Segment Open

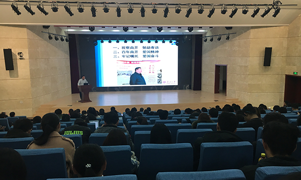 南开新闻网讯(通讯员 张轶帆 摄影报道)为深入学习贯彻习近平新时代中国特色社会主义思想和党的十九大精神,深入学习贯彻习近平总书记视察yl23455永利集团重要讲话精神,3月7日,yl23455永利集团举行“形势与政策”课首讲暨教职工政治理论学习报告会。学院本科生、党政领导班子,yl23455永利集团及药物化员工物学国家重点实验室全体教职工参加学习。公司党委宣传部副部长、校史办主任、马克思主义学院副教授肖光文为师生带来了题为“小我融入大我矢志爱国奋斗——学习贯彻习近平总书记视察yl23455永利集团重要讲话精神”的报告。
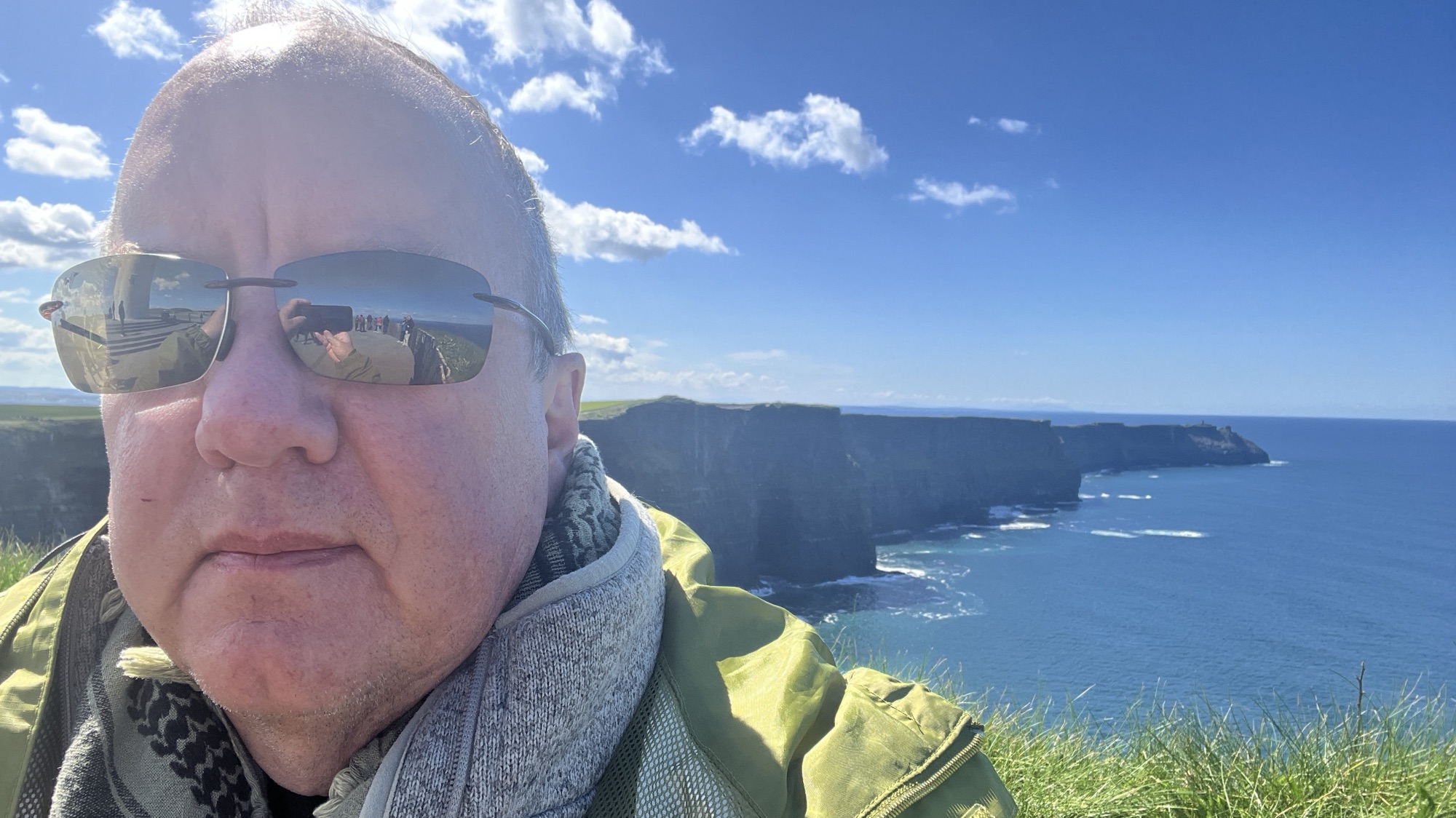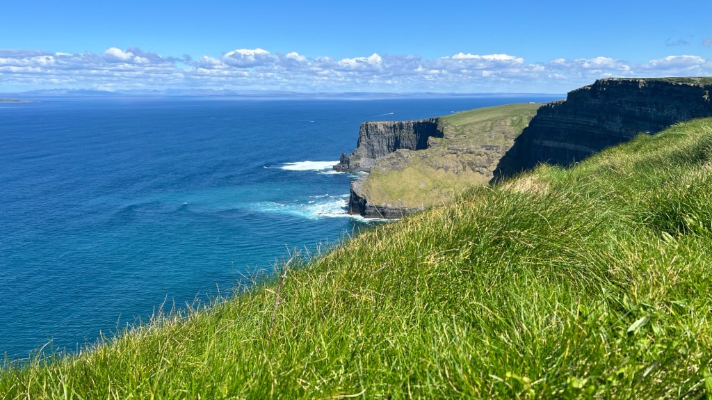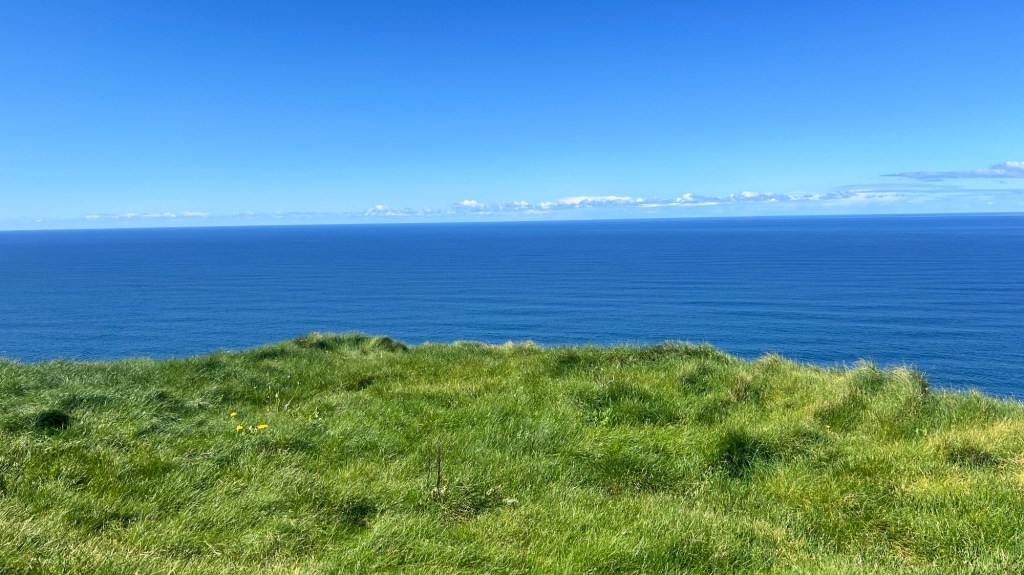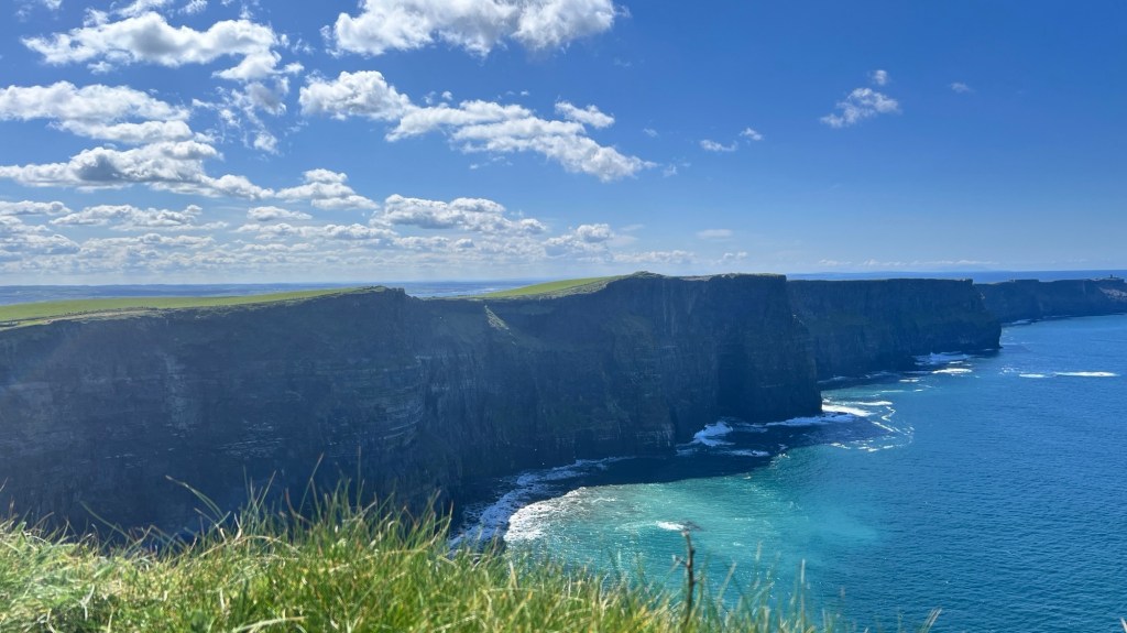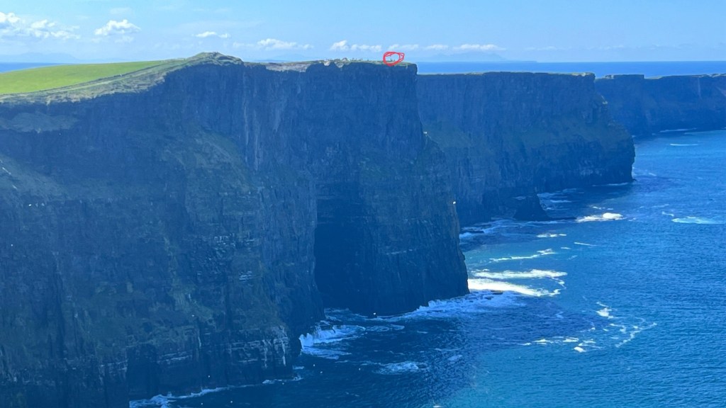 A two hour drive today out to the Cliffs of Moher, which are on the edge of the Burren. A beautiful scene looking up and down the coast and out over the Atlantic. There at mid-day, so the sun wasn’t quite on the cliffs at the time.
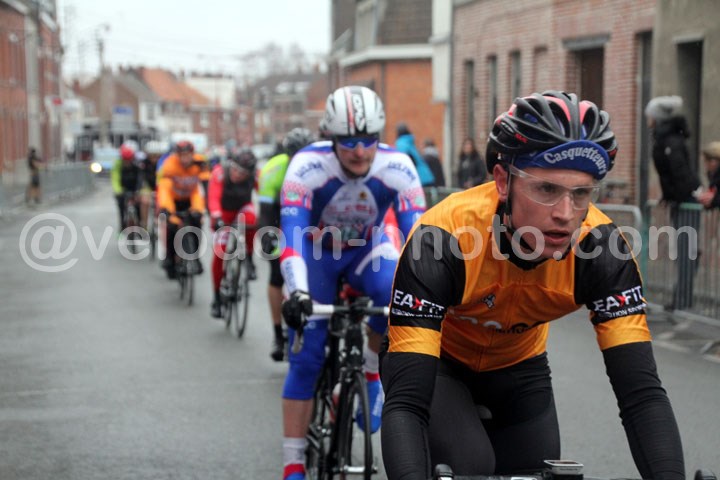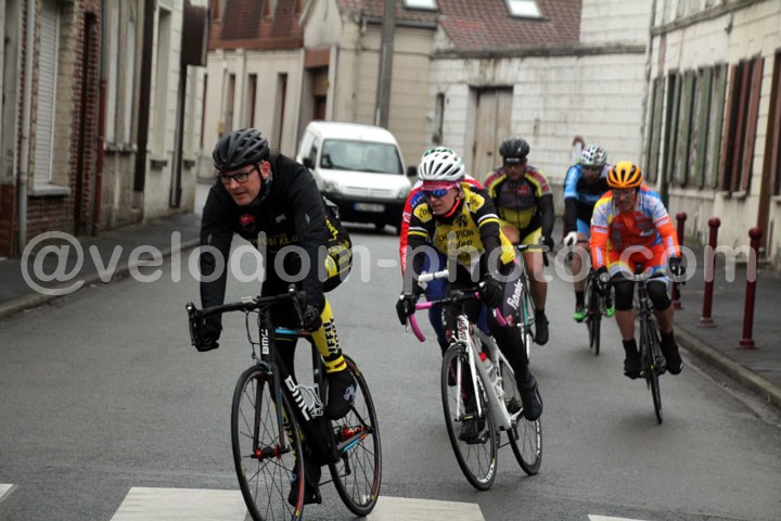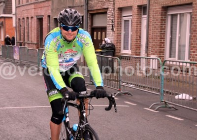 Une course haletante dans cette catégorie avec de multiples tentatives d’attaques et finalement un seul homme qui marquera cette épreuve : Joel Verbrugghe ( Bavay ). Après un 1er tour de marquage, c’est le 2ème tour qui marquera les 1er tentatives avec Céline Knockaert ( Verlinghem ) et Yves Sonneville ( CC Isbergues ). Mais derrière, on était bien décidé à réagir et un regroupement s’opérait à l’avant avec 6 hommes dont Christophe Szczurek ( Fenain ), Céline Knockaert ( Verlinghem ), Yves Sonneville ( CC Isbergues ), Joel Verbrugghe ( Bavay ) et Olivier Martinache ( CC Orchies ). La course redoublera d’intensité quelques minutes plus tard avec 4 hommes qui prendront le large a mi-course et feront une bien belle impression. Avec une Céline Knockaert très en jambe à l’amorce du final. Finalement à l’amorce des dernières minutes de course. Joel Verbrugghe poussera une belle accélération qui le propulsera à l’avant de la course. Une position qu’il ne devait plus quitter jusque l’arrivée. C’est en grand vainqueur qu’il franchissait la ligne d’arrivée en solitaire. Quelques secondes plus tard, c’est un peloton groupé qui se présentait sur la ligne. En costaud, Michel Gence ( BBL Hergnies ) coiffait sur la ligne Nicolas Zelek ( St André ). A noter la belle 7ème place de Willy Berthier ( CC Orchies ).
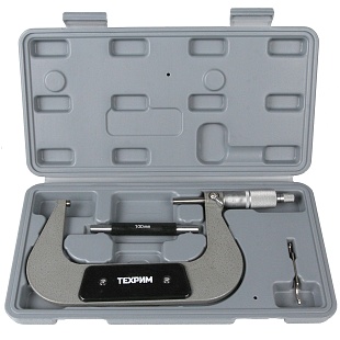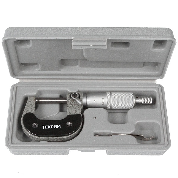 Микрометр гладкий механический для наружных измерений ТЕХРИМ T050005 - универсальный прибор для измерений линейных размеров абсолютным или относительным контактным методом с низкой погрешностью в области малых размеров. Преобразовательным механизмом является микропара “винт - гайка”.
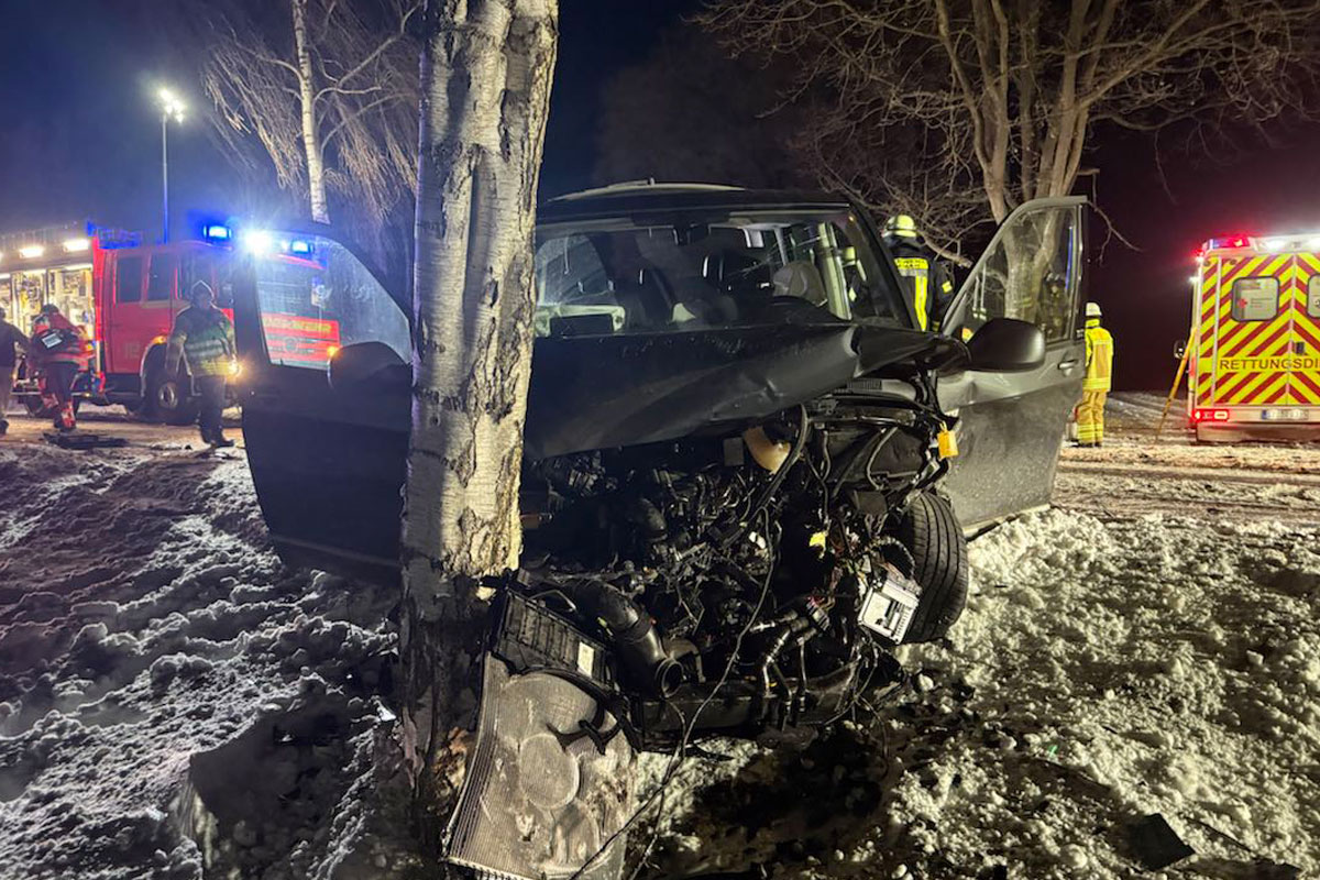 Der VW Bus wurde durch den Aufprall gegen einen Baum geschleudert. (Bildquelle: Polizeiinspektion Stade)

Segment Closed

» **PROMPT**
The answer should contain only the lines from the beginning of the material above through the line with "A two hour drive", retyped exactly, with the pictures removed.

» **OUTPUT BELOW**
 南开新闻网讯(通讯员 张轶帆 摄影报道)为深入学习贯彻习近平新时代中国特色社会主义思想和党的十九大精神,深入学习贯彻习近平总书记视察yl23455永利集团重要讲话精神,3月7日,yl23455永利集团举行“形势与政策”课首讲暨教职工政治理论学习报告会。学院本科生、党政领导班子,yl23455永利集团及药物化员工物学国家重点实验室全体教职工参加学习。公司党委宣传部副部长、校史办主任、马克思主义学院副教授肖光文为师生带来了题为“小我融入大我矢志爱国奋斗——学习贯彻习近平总书记视察yl23455永利集团重要讲话精神”的报告。
 A two hour drive today out to the Cliffs of Moher, which are on the edge of the Burren. A beautiful scene looking up and down the coast and out over the Atlantic. There at mid-day, so the sun wasn’t quite on the cliffs at the time.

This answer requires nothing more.